Круговорот.
М. Форман, Я. Новак.
/ Москва/ Вагриус/ 1999/ 384
Думаю, что немного найдется людей, не видевших таких шедевров
мирового кино, как "Амадей" и "Рэгтайм", а еще меньше тех, кто пропустил
"Полет над гнездом кукушки". Все эти картины, а вслед за ними фильмы
"Вальмон" (по мотивам "Опасных связей" Шодерло де Лакло, с блистательной
Аннет Бенинг), "Народ против Ларри Флинта"
(художественно-публицистическая биография основателя журнала "Хастлер",
открывшая талантливых Вуди Харрельсона и Кортни Лав), совсем недавний
"Человек на Луне", а еще до всего этого "Отрыв", в котором впервые
мелькнула на экране худенькая тогда еще, совсем юная, а ныне, может
быть, самая яркая звезда Голливуда последних десятилетий Кэти Бейтс...

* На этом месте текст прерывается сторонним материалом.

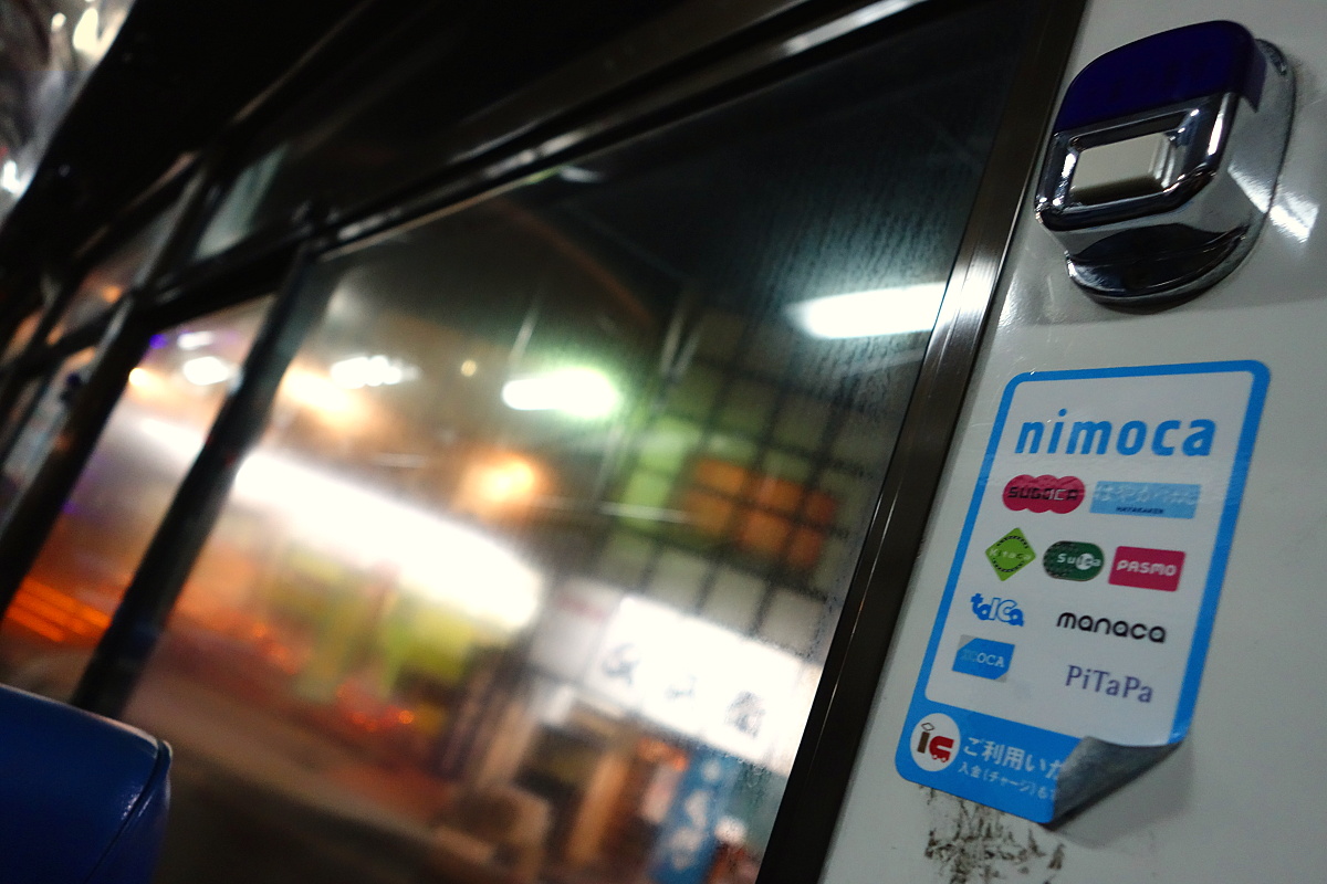 3基の出口改札機に群がって散って、エスカレーターを降りたら西鉄バスのバス停。

все эти картины снял в Голливуде знаменитый чехословацкий режиссер Милош
Форман. Во всех этих картинах он, принципиально не снимающий звезд (за
одним-единственным исключением, когда в "Кукушкином гнезде" отдал
главную роль Джеку Николсону), "зажигал" на небосклоне кино новые
звезды.
Обо всех этих лентах, а равно и о тех, что он поставил до 1968 года
в Чехословакии, Форман в сотрудничестве с журналистом Яном Новаком и
рассказывает на страницах своих воспоминаний. Его небольшая, интересная,
легко читающаяся книга, впервые была опубликована у нас в журнале
"Иностранная литература", а в 1999 г. издана "Вагриусом" в популярной
серии мемуаров "Мой 20 век", где соседствует с воспоминаниями Троцкого и
Шаляпина, Чаплина и Вознесенского, Кагановича и Мариенгофа, Андре Моруа
и Лучано Паваротти, Жоржи Амаду и Агаты Кристи...
Что говорить, серия замечательная, любопытно было бы почитать, к
примеру, мемуары Утесова или Марлен Дитрих, но увы: в библиотеки книжки
не поступают, а в магазинах кусаются.
Вернемся, однако, к "Круговороту" Формана. Почему "Круговорот"?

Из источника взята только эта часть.